Banking institutions need to focus more attention on risk assessments - those conducted internally as well as those of the third parties with which they have contractual relationships.
Big Data for Fraud Detection
In light of emerging threats, banking institutions are enhancing their fraud detection and prevention capabilities. And a lot of these enhancements will revolve around big data, Wills says.
"Analytics technology is getting better at pinpointing actual high-risk activity, with fewer false positives and negatives," he says.
But while the use of big data in the fraud fight shows potential, most banking institutions will be limited by their infrastructure, Litan says. The systems and processes a majority of institutions have in place today just aren't equipped to handle that much information, she says.

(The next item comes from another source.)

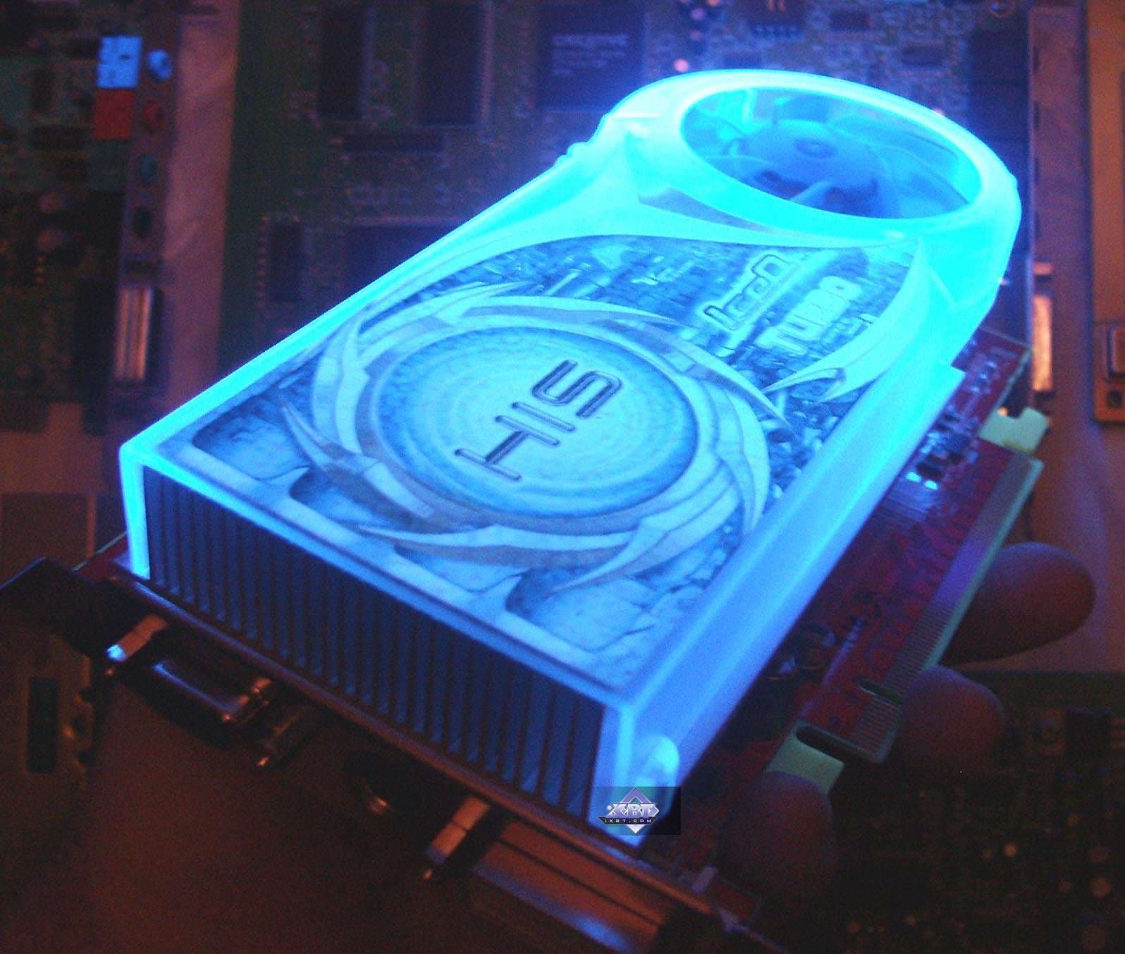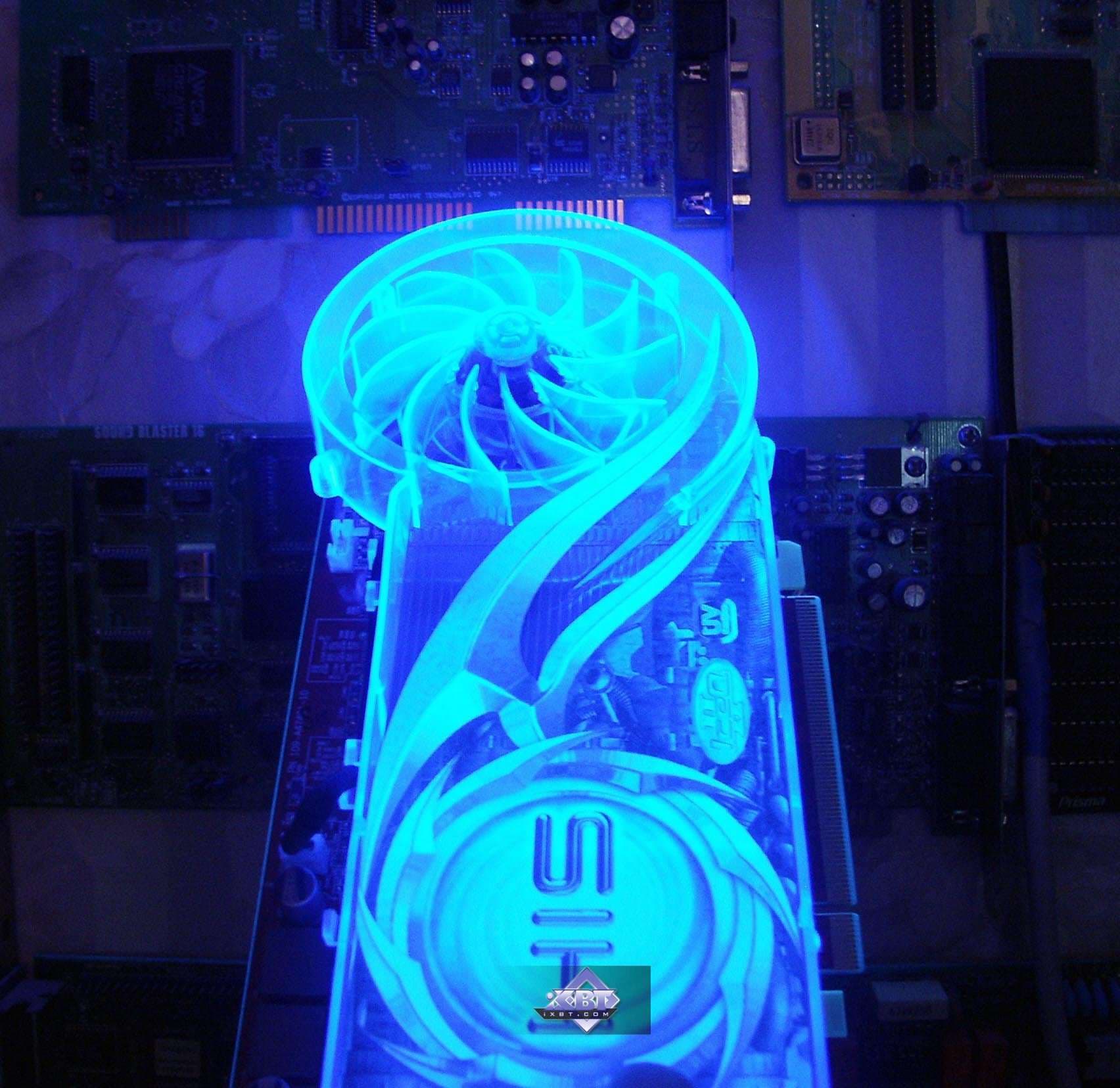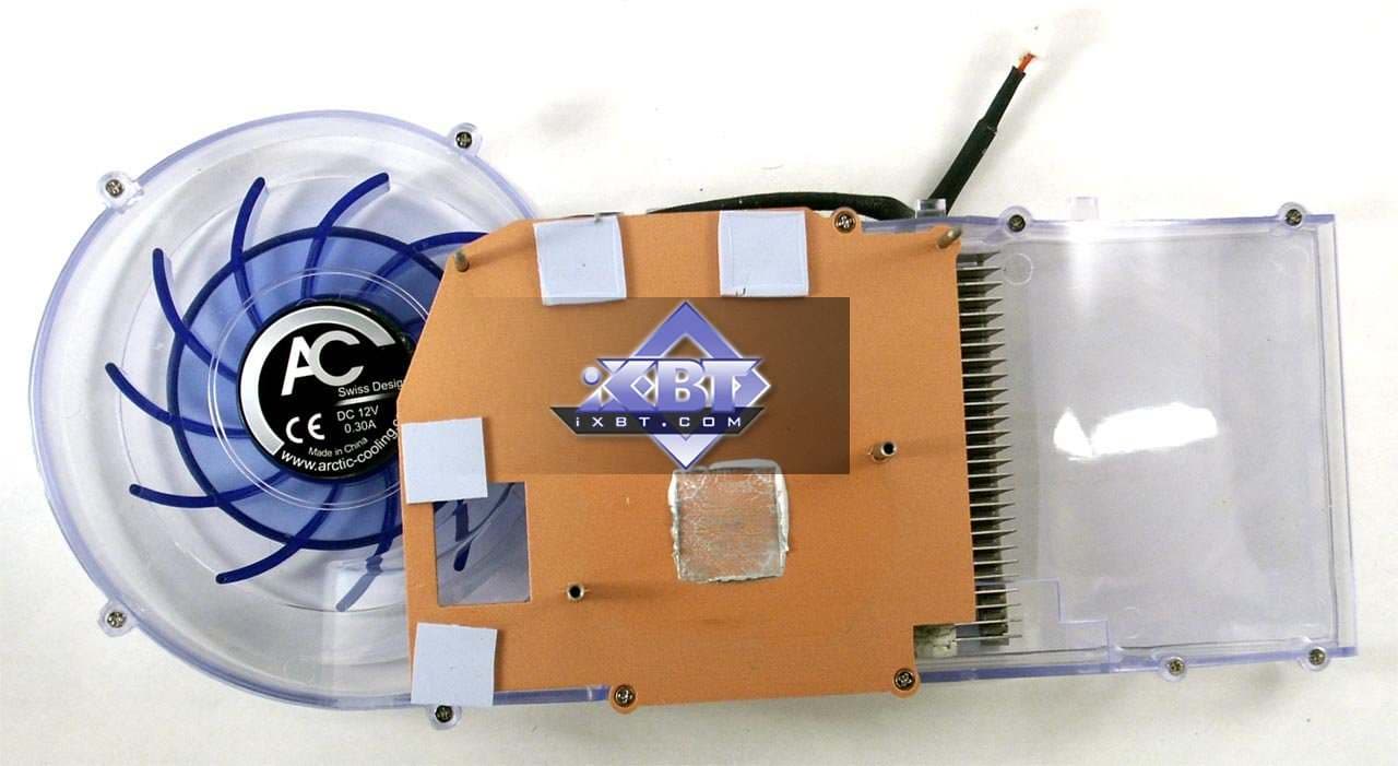 Фирменное устройство от Arctic Cooling. В принципе, такие кулеры можно купить отдельно, они продаются. Но в данной реализации от HIS имеется изюминка: прозрачный пластиковый кожух покрыт краской, светящейся в ультрафиолете (кстати, без ложной скромности могу сказать, что такой совет разработчикам дал ваш покорный слуга). Итак, кулер состоит из медного основания, прижимающегося к ядру и микросхемам памяти (через термопрокладки), к этому основанию припаян пластинчатый радиатор. Поверх последнего проходит пластиковый воздуховод (кожух), на одном конце которого турбина, закачивающая в него воздух, на другом — раструб, через который горячий воздух выбрасывается наружу из системного блока. Понятно, что воздух проходит через радиатор, охлаждая его. Уникальная особенность такой системы состоит в крайне низком шуме (очень грамотно продумана конфигурация турбины) при очень хорошей эффективности охлаждения. Частота вращения — от 2500 до 6000. Посмотреть видеоролик и оценить шум при старте системного блока можно по этой ссылке (1.3МB, AVI DivX 5.1). А также сравнить с фоновым шумом без видеокарты (740KB, AVI DivX 5.1). Разумеется, за эффективность и тишину надо чем-то платить. И такой жертвой является ширина системы охлаждения, при которой второй слот после PCI-E остается занятым. | ![]() |

"Big data analytics and the revolution in technology that's taking place in that domain are going to put a lot of pressure on operational systems," she says. "As organizations learn to get their arms around data really quickly, in real time, the systems that they've put in place aren't going to be able to keep up that easily. It's an interesting phenomena, but one that's very promising; and I don't think the bad guys are going to have the last word."
Thanks to data analytics, banking institutions are starting to make more connections between cross-channel fraud trends, Litan says.
Still, the role big data will play in the banking sector will vary widely, Wills says. "They have to do their risk assessments and secure accordingly," he adds.